1980年から1997年まで東京農工大学で学生,助手,助教授として遠藤博士とともに研究を進める中,私はスタチンの黎明期から大成功までの道のりをつぶさに眺める機会に恵まれた(ただし,探索研究の深淵な科学的価値や「くすり」つくりの難しさと面白さを理解するのは,その10年も後になってからのことだった).スタチンの利用により動脈硬化の治療法が確立されたが,血栓に起因する虚血性疾患の治療のすべてがこれで解決したわけではない.特に,虚血性疾患を発症した後では,原因となる血栓を取り除くことが最重要課題となる.1993年頃にこのようなことを遠藤博士と議論しながら新たな研究を細々とスタートさせた.血栓溶解を促進する化合物を微生物から探索する仕事である.それまで,専らコレステロール代謝に作用する化合物の研究を行ってきたため一大方針転換であり,今にして思えば泥沼の中でもがき苦しんだような探索の繰り返しであった.その中で,幸運にもいくつかの興味深い活性物質に巡り合うことができた(1, 2)1) 蓮見惠司,菊地唯史:日本血栓止血学会誌,12, 314 (2001).2) K. Hasumi, S. Yamamichi & T. Harada: FEBS J., 277, 3675 (2010)..
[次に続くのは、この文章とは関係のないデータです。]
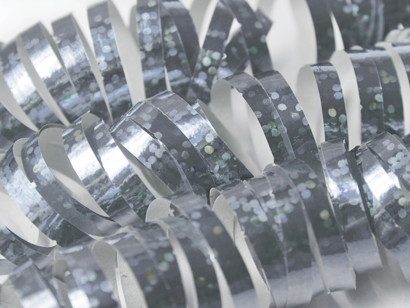 Serpentyny holograficzne w kolorze srebrnym o długości 3,8 metra. (1 op. / 18 szt.)

血液の機能は全身に酸素と栄養素を運搬することであり,その損失は重大な身体機能不全につながる.それゆえ,血液には凝固系と呼ばれる止血システムが存在する.また,凝固系が過度に進行すると血栓による循環障害が発生するため,線溶系と呼ばれる血栓を溶解するシステムも同時に存在する.これら血液凝固線溶系は,構造の類似する多数のプロテアーゼとその制御分子からなるカスケード反応で構成されている(図1図1■血液凝固線溶系).このシステムが凝固に傾くと血栓傾向となり,線溶に傾くと出血傾向となるため,両者のバランスが保たれるよう凝固線溶系は厳密に制御されている.
図1■血液凝固線溶系
血液凝固系と線溶系は局所的に起こるプロテアーゼカスケードから構成されている.凝固と線溶の活性バランスは,生理的には厳密に制御されている.そのバランスが凝固優位に傾くと血栓傾向,線溶優位に傾くと出血傾向となる.平易にするため,この図では多くの制御因子を省略している.VIIa, 活性化第VII因子;X, 第X因子;Xa, 活性化第X因子;t-PA, 組織型プラスミノゲンアクチベーター.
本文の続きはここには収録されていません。